I wonder if it ever dawns on these people that this is 100% due to the fact that the government makes the drug illegal and so you get these quality problems?
Yup and plus 1.
There is a lot to this. Many of the harmful effects of drugs are government-caused (e.g., jail time and lack of consistency in the product; violence associated with the sale of the product; etc).
This does not mean that there are no harms in using drugs apart from government.
This does not mean that there are no harms in using drugs apart from government.
That's called personal responsibility and experience. No gov necessary, Trouser.
So why do so many people still see addiction as hopeless?
Outsider's perspective. The only person who can help the addict recover is the addict themselves.

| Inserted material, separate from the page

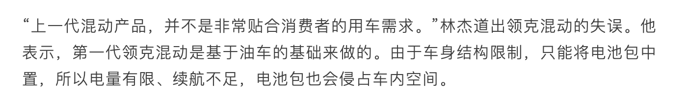 在新能源这块,领克似乎也还差口气,虽然它也推出过不少混动产品。但第一代领克混动车属于典型的”油改电“,最明显的问题就是续航不足。连领克自己也承认——“上一代混动产品,并不是非常贴合消费者用车需求”。

No drugs or treatment programs really work, so from an external perspective it seems intractable and incurable. Beating your head against a brick wall.
But then, one day the addict decides to get over it, and does.
my co-worker's sister-in-law makes $81 an hour on the internet . She has been fired for 10 months but last month her check was $21916 just working on the internet for a few hours. you could try here...
???? http://www.netjob70.com
That's an addiction I could really go for!